> We're both being paid to solve different facets of the same problem. Coming at...

minaguib · on Dec 16, 2022

It's interesting that this: > the right thing to do is to give SRE teams the power to say "no" and refuse to take the pager for any particular service

Was a tenet in the original Google SRE material. SREs help operate well-behaving services using engineering best-practices. Services that fail to behave well and bust their error and support budgets repeatedly go back to the teams that wrote them.

GauntletWizard · on Dec 16, 2022

This is important to stress. SRE often takes first-line oncall, but "We" support the service. On a well behaved service, having SRE support is an extra debugging-focused engineer when things go wrong. But that engineer is rarely called up, and can support the common parts of failure (network issues, hardware failures, the things that are out of any one team's service team's control) for multiple teams.
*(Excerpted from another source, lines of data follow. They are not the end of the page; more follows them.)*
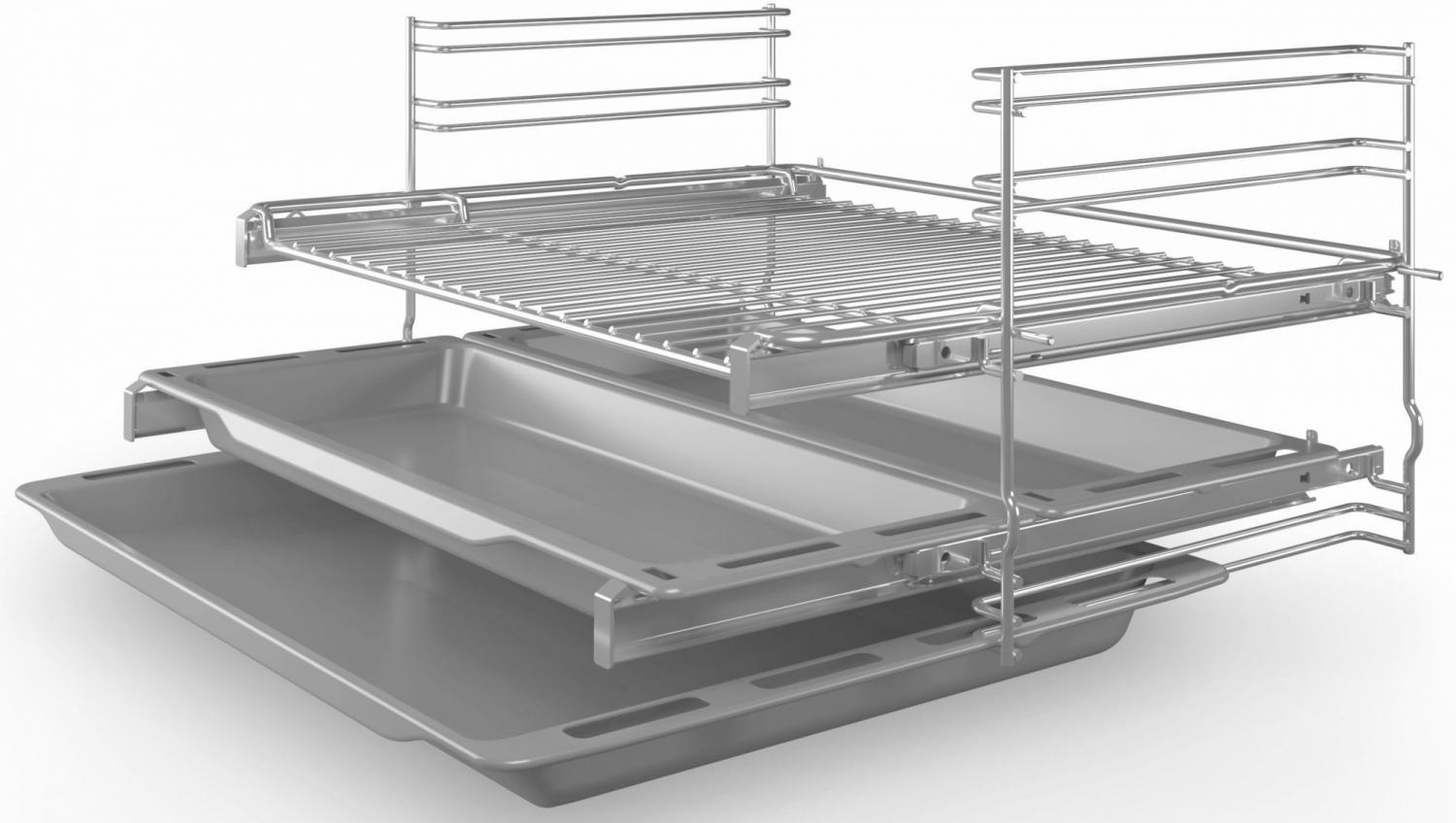 Наша система телескопов безопасна и проста в использовании. Гораздо проще размещать еду на тех уровнях, которые оснащены телескопическими направляющими. Вам больше не нужно тянуться в горячую духовку, чтобы проверить статус приготовления.
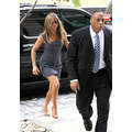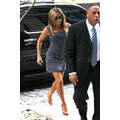 Jennifer Aniston shows off her big-o-rock. She also flauting her great legs as she is running into The Crosby Hotel.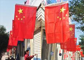 濟(jì)南“紅旗飄飄”迎國(guó)慶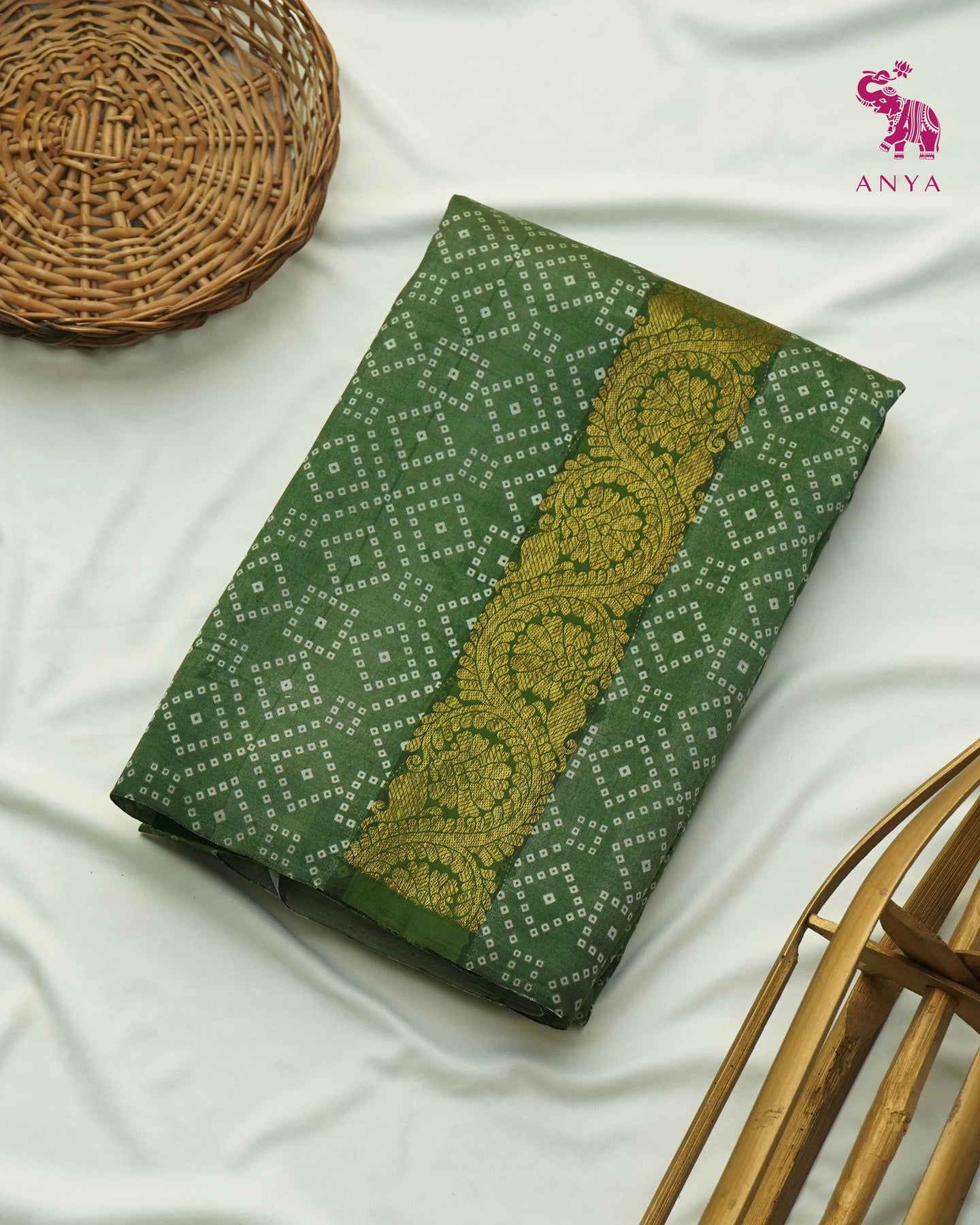 Mehandi Green Printed Kanchi Silk Saree with Bhandhini Print Design

noiwillnot · on Dec 16, 2022

SREs will end up the same gatekeeper reputation as traditional IT teams, and a new buzzword will need to be made to signify the "move fast and break things" cool kid energy than DevOps and SREs (still?) have.

klodolph · on Dec 16, 2022

Labels are funny.

SRE tends to be less centralized. You have devs and SRE working together. Either 1 dev team + 1 SRE team, or an N:1 setup where one SRE team supports multiple dev teams. The SRE gatekeeping is there exactly because your company has outgrown the "move fast and break things" phase, and is now in the "move fast but please don't break things" phase. The SRE team wants to support the devs with their high-velocity feature rollouts, but the SREs also know that the service is big and important, and outages / data loss / etc will cost the company money and damage the company reputation.

The SRE team is there to try and balance development velocity, reliability, and scalability without breaking the bank. Run a dev team by itself and you may not have enough expertise in reliability and scalability to make the service work the way you want--you may have a high pager load and no strategy to get out of it besides telling your devs to fix more bugs. The SRE team brings strategies and expertise to work your way out of that kind of hole if you're in it. Centralized IT slows things down and tries to get the entire company on a tech stack which is as standard as possible. Makes sense for running legacy services, but does not make sense for products with highly active development.

Sometimes what you see in rapidly growing companies is that the workload grows faster than the capacity for the company to hire skilled workers willing to do the work. This happened at some point during Facebook's growth, for example. A core responsibility of SRE teams is to provide scalability not just in terms of computational resources and capital expenditures, but in terms of human labor and operational costs. Doing this well requires working closely with the dev team and requires that the SRE team be able to make code changes or even architectural changes to the service they are supporting. This is outside the scope of centralized IT support.

You can use SRE as a buzzword but I see it as a specific role which solves a specific set of problems which are, at this point, relatively well-understood.

DougBTX · on Dec 16, 2022

In this model, dev can deploy any service they like, so SRE isn’t a gate keeper.

100011_100001 · on Dec 16, 2022

Fellow SRE/DevOps here. I agree with this interpretation.

Specifically, if things are not "working", I expect the developers to understand how their code works and what it needs to function properly. I'm constantly surprised by how much developers don't know about the app they write code for.

I'm not asking for your intellectual capital because I want to sue you. I want to understand how the app comes up.

The main problem I'm usually trying to solve is, apps are just packages of stuff, if I can deliver 1000 packages no problem, but one doesn't deliver is it the package, the address it got sent to, or is this some brand-new package requiring a different way of handling it. I need the package sender to explain to me what it contains.

On another note, @klodolph, if you are getting paged a lot, then your SRE needs to improve. Perhaps you were slightly exaggerating, but I consider any escalation to SRE personnel a failure on the SRE side. It's kind of a brutal metric to follow, escalations as close to 0 as possible. An interesting thing that happens if you try hunting for it is you will realize 80% of your calls come from 1 or 2 things. Addressing them will make developers happier and SREs happier.

m3drano · on Dec 16, 2022

SRE here too. We need to stop building knowledge ex ante and focus in building capabilities to introspect the service ex post, that is, during the outage. Even if you are told how it works when starting to support it, you'll have other 50 services to support too and will lose (rightfully) track of where things stand at the moment you need.

Build telemetry and convergence into well known platforms to make response easier.